Activity → Reproduce each line of the material exactly, minus any picture.

Data for analysis →
******************************

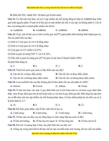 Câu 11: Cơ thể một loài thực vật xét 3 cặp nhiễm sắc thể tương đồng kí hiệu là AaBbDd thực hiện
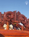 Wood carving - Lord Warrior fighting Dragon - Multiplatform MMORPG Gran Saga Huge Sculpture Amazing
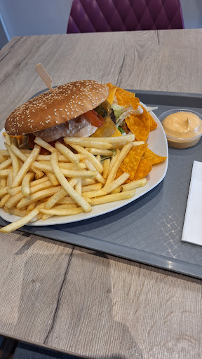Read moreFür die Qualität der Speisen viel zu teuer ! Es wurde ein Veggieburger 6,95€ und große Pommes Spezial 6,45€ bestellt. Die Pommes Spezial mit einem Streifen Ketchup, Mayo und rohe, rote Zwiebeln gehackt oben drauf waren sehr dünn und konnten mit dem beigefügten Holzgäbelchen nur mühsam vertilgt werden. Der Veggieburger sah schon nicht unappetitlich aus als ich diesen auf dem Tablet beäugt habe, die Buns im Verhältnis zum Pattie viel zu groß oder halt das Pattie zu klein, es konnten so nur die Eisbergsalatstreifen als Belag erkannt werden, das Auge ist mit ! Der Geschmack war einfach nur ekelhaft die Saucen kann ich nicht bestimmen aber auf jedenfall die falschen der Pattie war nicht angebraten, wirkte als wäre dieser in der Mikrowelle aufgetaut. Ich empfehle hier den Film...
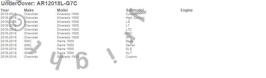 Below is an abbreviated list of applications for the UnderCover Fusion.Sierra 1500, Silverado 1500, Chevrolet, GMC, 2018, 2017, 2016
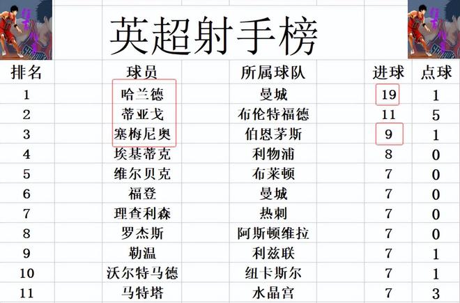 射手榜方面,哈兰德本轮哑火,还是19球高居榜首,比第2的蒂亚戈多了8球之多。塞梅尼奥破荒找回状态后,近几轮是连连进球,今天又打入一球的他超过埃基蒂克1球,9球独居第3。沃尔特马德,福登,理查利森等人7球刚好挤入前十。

******************************

Task response →
 Câu 11: Cơ thể một loài thực vật xét 3 cặp nhiễm sắc thể tương đồng kí hiệu là AaBbDd thực hiện
 Wood carving - Lord Warrior fighting Dragon - Multiplatform MMORPG Gran Saga Huge Sculpture Amazing
Read moreFür die Qualität der Speisen viel zu teuer ! Es wurde ein Veggieburger 6,95€ und große Pommes Spezial 6,45€ bestellt. Die Pommes Spezial mit einem Streifen Ketchup, Mayo und rohe, rote Zwiebeln gehackt oben drauf waren sehr dünn und konnten mit dem beigefügten Holzgäbelchen nur mühsam vertilgt werden. Der Veggieburger sah schon nicht unappetitlich aus als ich diesen auf dem Tablet beäugt habe, die Buns im Verhältnis zum Pattie viel zu groß oder halt das Pattie zu klein, es konnten so nur die Eisbergsalatstreifen als Belag erkannt werden, das Auge ist mit ! Der Geschmack war einfach nur ekelhaft die Saucen kann ich nicht bestimmen aber auf jedenfall die falschen der Pattie war nicht angebraten, wirkte als wäre dieser in der Mikrowelle aufgetaut. Ich empfehle hier den Film...
 Below is an abbreviated list of applications for the UnderCover Fusion.Sierra 1500, Silverado 1500, Chevrolet, GMC, 2018, 2017, 2016
 射手榜方面,哈兰德本轮哑火,还是19球高居榜首,比第2的蒂亚戈多了8球之多。塞梅尼奥破荒找回状态后,近几轮是连连进球,今天又打入一球的他超过埃基蒂克1球,9球独居第3。沃尔特马德,福登,理查利森等人7球刚好挤入前十。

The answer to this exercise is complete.